Learn Forex Price Movement

By: Kelly Price

Many forex traders think they need to study news stories and the fundamentals to win on the other hand, forex chartists think that charts move to some hocus pocus theory that predicts the future but the most important variable is much simpler and learn how to gauge it and you can enjoy currency trading success.

Let's start with a simple equation. Fundamentals (Supply and demand) + Investor Perception = Price

Nice and simple that's the way any investment market moves and it's obvious that the most important variable is investor perception or sentiment.

The person who simply acts on news has no chance of winning, as it's discounted immediately and he is playing catch up. For evidence of this look at every major bull move and bear move and you will find that the fundamentals are almost always at their most bullish at an important market top and most bearish at an important market bottom.

The person who uses forex technical analysis will argue that as the fundamentals are immediately discounted in the price, so all you need to do is follow price action and this is by far the better way of trading - but it has one flaw.

You can't see how far a move will go as greed and fear take hold of investor's. Sure price spikes never last - but when are they going to end?

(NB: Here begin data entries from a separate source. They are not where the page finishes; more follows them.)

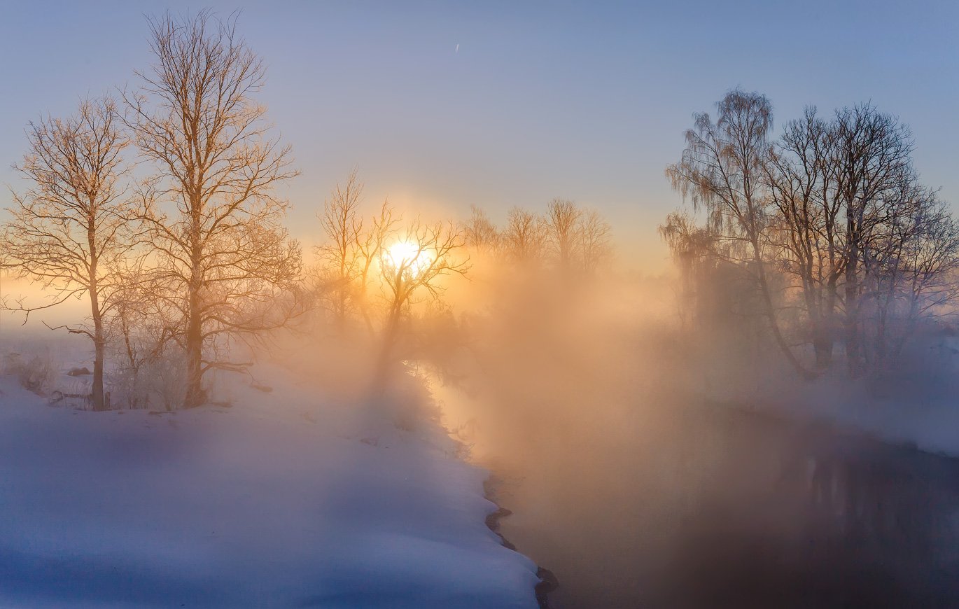 утро, зима, туман, солнце, рассвет, река, Виктор Климкин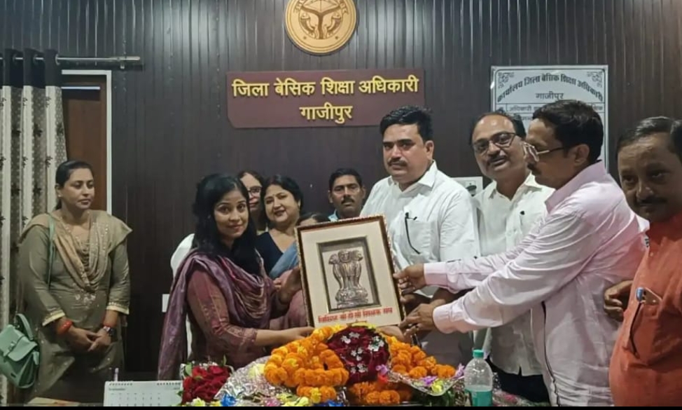 गाजीपुर। नवागत जिला बेसिक शिक्षा अधिकारी उपासना रानी वर्मा के कार्यभार ग्रहण करने के उपरांत शुक्रवार को विशिष्ट बीटीसी शिक्षक वेलफेयर एसोसिएशन उ0प्र0, राष्ट्रीय शैक्षिक महासंघ गाजीपुर, यूटा शिक्षक संघ, शिक्षा मित्र संघ, अनुदेशक संघ ने संयुक्त रूप से महुआबाग स्थित बेसिक कार्यालय पर उन्हें पुष्प गुच्छ व प्रतीक चिह्न देकर स्वागत किया।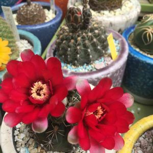 連日サボテンの花が咲いてくれてます 今日は緋花玉の花が咲きました 2つ同時に開いてくれたのでとても華やかです 透明感のある赤い花で 午後から開き始めて夕方には閉じてしまいました とても大きくて美しい花でした 明日も開いてくれるかな?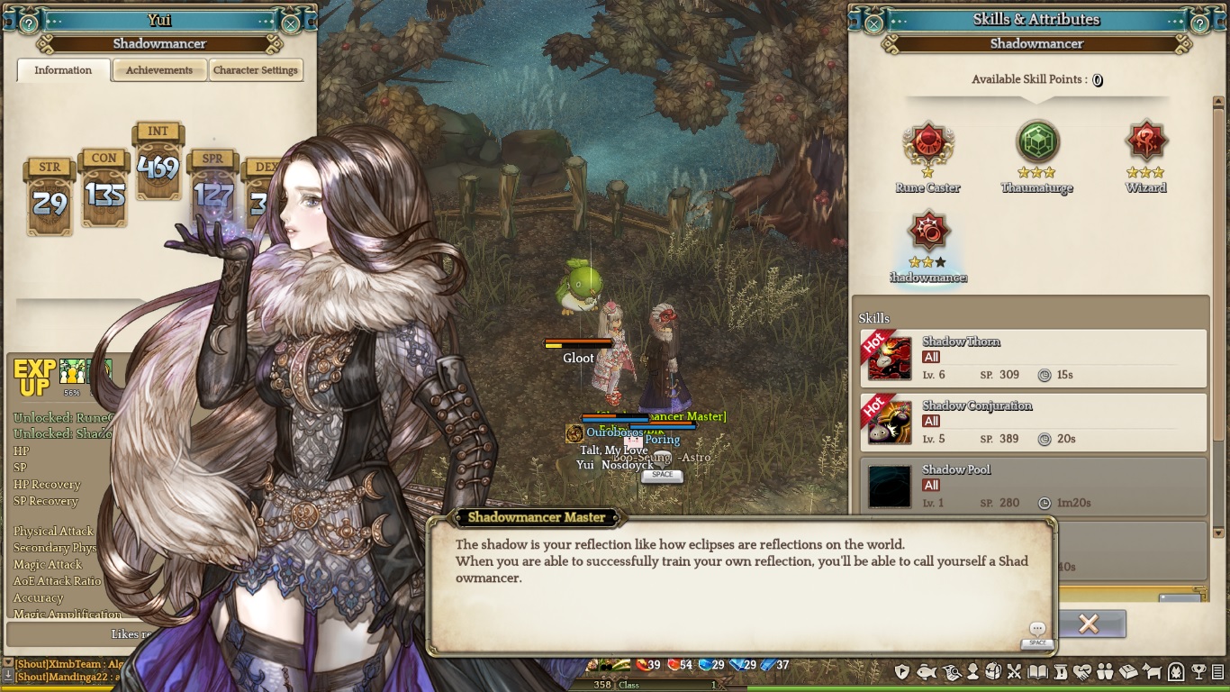 Bug Description : My character wasn’t a shadowmancer before the last update (February 19-20), but I finished the quest days ago and today I used the Rank Reset and got the Shadowmancer class. However, I can’t buy attributes with the shadowmancer master. The game acts like there is not even an option for it and immediatly gives me the costume upgrade quest. I’ve met people having the same problem.

This is where you look at the fundamentals for clues to warn of technical tops i.e the sentiment.

You can do this by watching the news.

For example recently it was said the euro would gain on the dollar and make new highs because the US had cut interest rates - what happened?

The euro tried to get through an important resistance price and failed (we pointed this out in an article last week and the euro has plunged since) what was going on?

The news was discounted and bullish euro news didn't push it higher.

This meant the sentiment was at a bullish extreme and prices recoiled back.

If ever you see bullish news that doesn't push a market higher and bearish news that doesn't push a market lower, combined with a price spike on the charts, chances are you are going to get a move the other way.

There is a famous saying:

"If you can hold your head when all around you everyone is losing theirs you probably haven't heard the news"

In forex terms you have but you are drawing different conclusions - while the lemmings are blinded by greed and fear and never see a move ending, you are looking for a contrary trend.

If you look for price spikes and then look at the contrary view, then you can get some trading opportunities.

Are there any concrete indicators for judging investor sentiment?

Yes there are two great ones - % bullish and the Net Traders Positions report and we will look at these in the next article in this series.

If you want to maximize your profits and enjoy currency trading success you need to use market sentiment to anticipate forex price movement.